About this exercise
Reproduce exactly, and only, the lines of the material below running from the line bearing "This is a temporary" through the line bearing "Each poppy is". Leave any pictures out.

Records supplied
━━━━━━━━━━
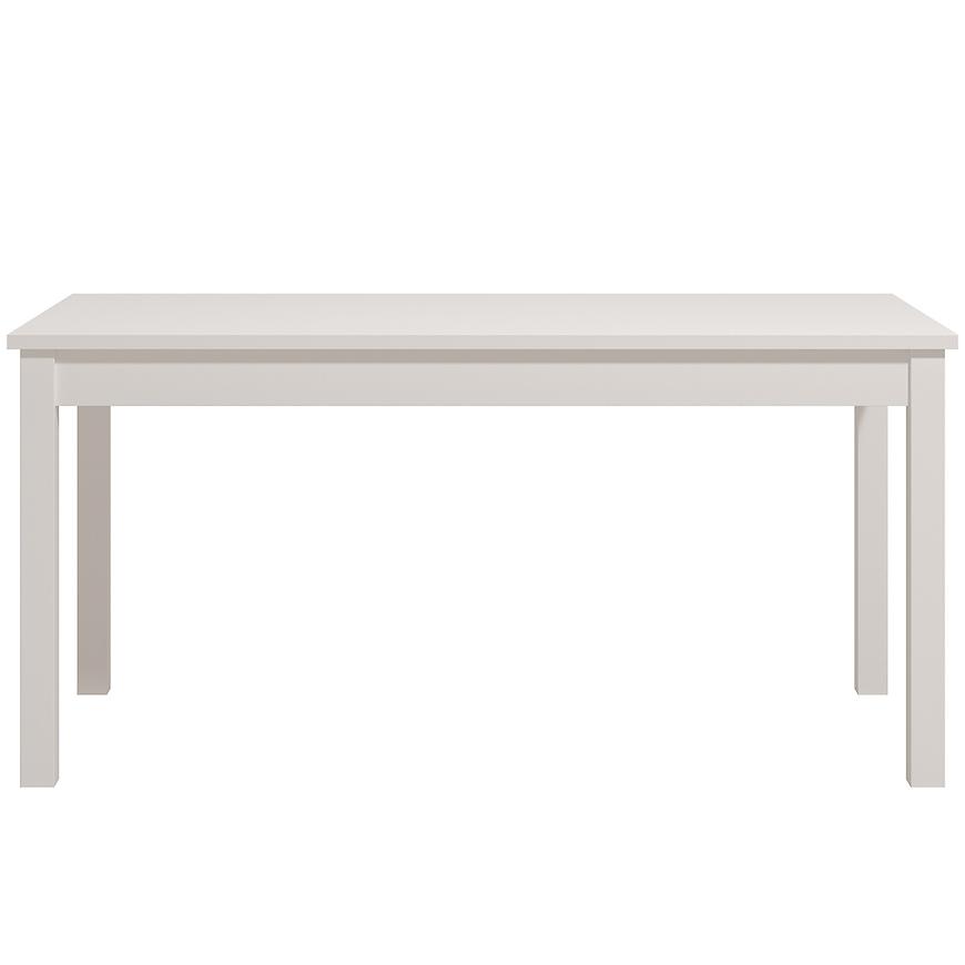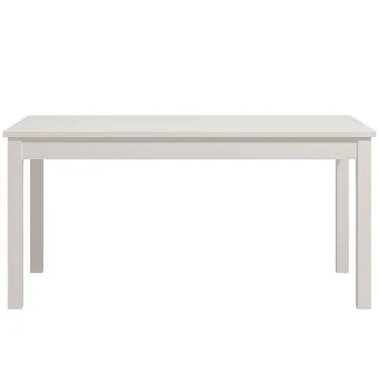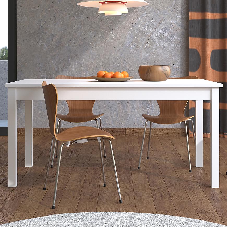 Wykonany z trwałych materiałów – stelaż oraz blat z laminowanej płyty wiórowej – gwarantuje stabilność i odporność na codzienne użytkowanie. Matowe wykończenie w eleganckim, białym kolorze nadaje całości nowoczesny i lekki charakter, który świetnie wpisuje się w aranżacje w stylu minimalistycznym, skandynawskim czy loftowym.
━━━━━━━━━━
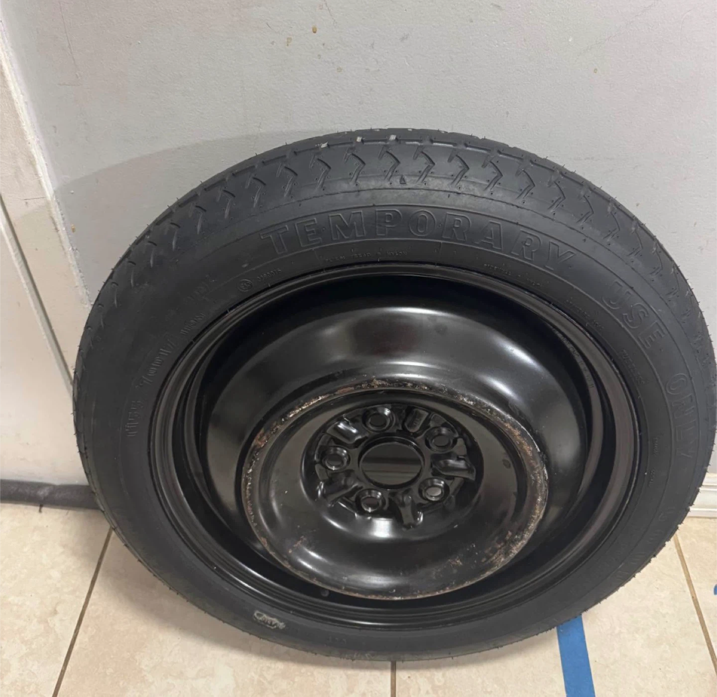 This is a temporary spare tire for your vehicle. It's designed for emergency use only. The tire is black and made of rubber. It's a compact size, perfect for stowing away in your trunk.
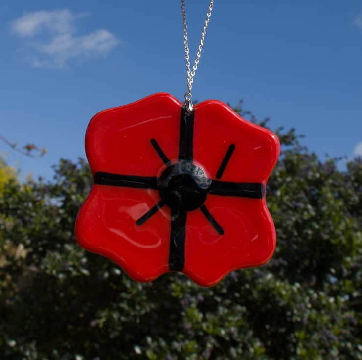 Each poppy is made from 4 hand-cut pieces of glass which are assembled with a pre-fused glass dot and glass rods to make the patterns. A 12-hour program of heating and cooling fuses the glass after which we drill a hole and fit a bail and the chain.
━━━━━━━━━━
Task output
 This is a temporary spare tire for your vehicle. It's designed for emergency use only. The tire is black and made of rubber. It's a compact size, perfect for stowing away in your trunk.
 Each poppy is made from 4 hand-cut pieces of glass which are assembled with a pre-fused glass dot and glass rods to make the patterns. A 12-hour program of heating and cooling fuses the glass after which we drill a hole and fit a bail and the chain.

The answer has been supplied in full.